- _Try it_
Using the data that follows, give again word for word the lines between the one holding "DVT Diane Von" and the one holding "La Figura 3", inclusive. Omit the pictures.

Start of Data for analysis

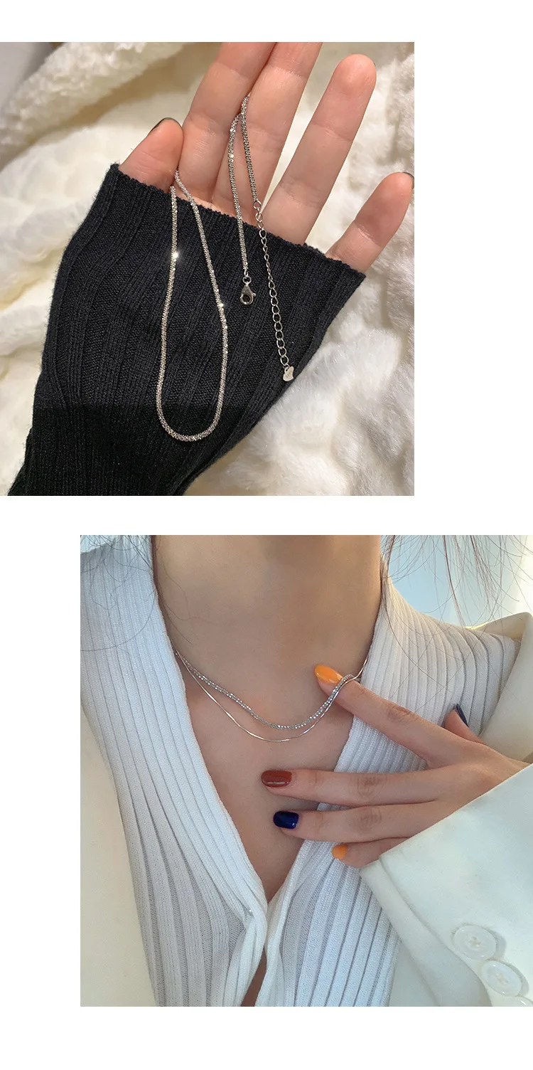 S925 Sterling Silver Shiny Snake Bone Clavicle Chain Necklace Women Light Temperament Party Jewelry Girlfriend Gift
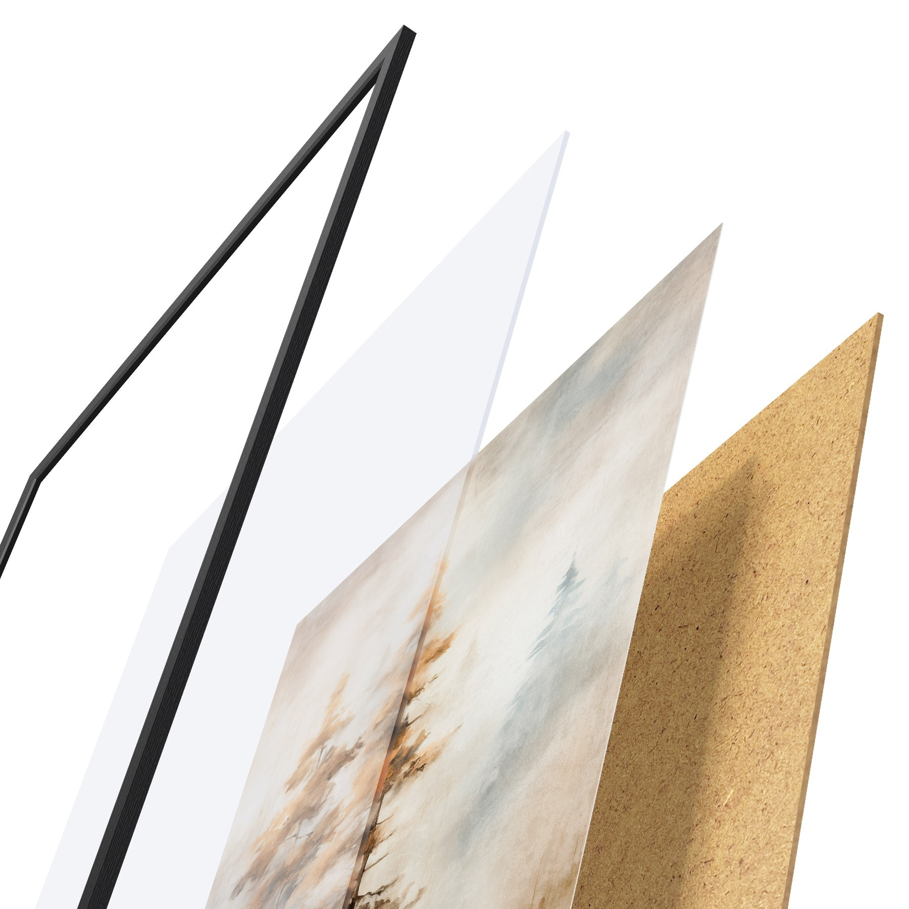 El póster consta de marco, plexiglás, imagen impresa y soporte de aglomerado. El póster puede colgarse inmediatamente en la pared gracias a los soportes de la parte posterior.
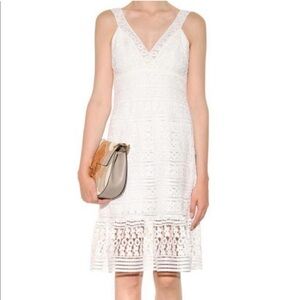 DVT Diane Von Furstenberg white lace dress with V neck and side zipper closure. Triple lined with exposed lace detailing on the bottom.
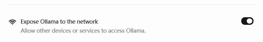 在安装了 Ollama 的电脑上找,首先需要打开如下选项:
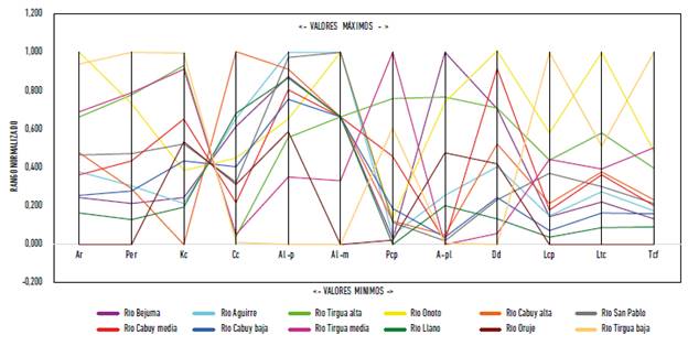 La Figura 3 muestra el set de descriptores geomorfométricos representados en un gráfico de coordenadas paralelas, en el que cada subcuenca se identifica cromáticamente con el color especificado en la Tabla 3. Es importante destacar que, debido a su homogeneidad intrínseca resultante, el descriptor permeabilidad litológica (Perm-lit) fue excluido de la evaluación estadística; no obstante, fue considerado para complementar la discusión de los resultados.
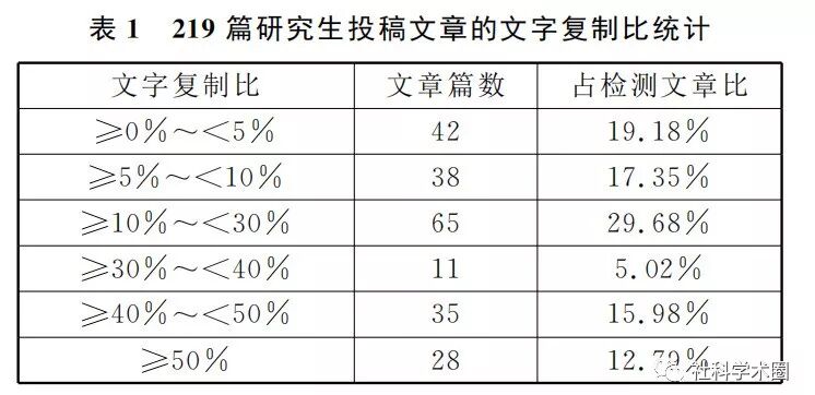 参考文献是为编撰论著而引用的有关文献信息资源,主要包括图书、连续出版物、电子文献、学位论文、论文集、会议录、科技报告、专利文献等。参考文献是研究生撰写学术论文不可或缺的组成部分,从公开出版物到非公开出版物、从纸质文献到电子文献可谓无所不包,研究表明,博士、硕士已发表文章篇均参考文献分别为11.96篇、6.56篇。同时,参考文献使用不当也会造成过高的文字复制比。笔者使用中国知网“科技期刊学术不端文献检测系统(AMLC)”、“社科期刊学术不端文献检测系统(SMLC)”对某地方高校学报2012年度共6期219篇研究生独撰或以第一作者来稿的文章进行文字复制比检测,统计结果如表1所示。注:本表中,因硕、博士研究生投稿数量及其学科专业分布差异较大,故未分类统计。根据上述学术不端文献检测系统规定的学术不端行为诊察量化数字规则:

End of Data for analysis

- _Response to the exercise_
 DVT Diane Von Furstenberg white lace dress with V neck and side zipper closure. Triple lined with exposed lace detailing on the bottom.
 在安装了 Ollama 的电脑上找,首先需要打开如下选项:
 La Figura 3 muestra el set de descriptores geomorfométricos representados en un gráfico de coordenadas paralelas, en el que cada subcuenca se identifica cromáticamente con el color especificado en la Tabla 3. Es importante destacar que, debido a su homogeneidad intrínseca resultante, el descriptor permeabilidad litológica (Perm-lit) fue excluido de la evaluación estadística; no obstante, fue considerado para complementar la discusión de los resultados.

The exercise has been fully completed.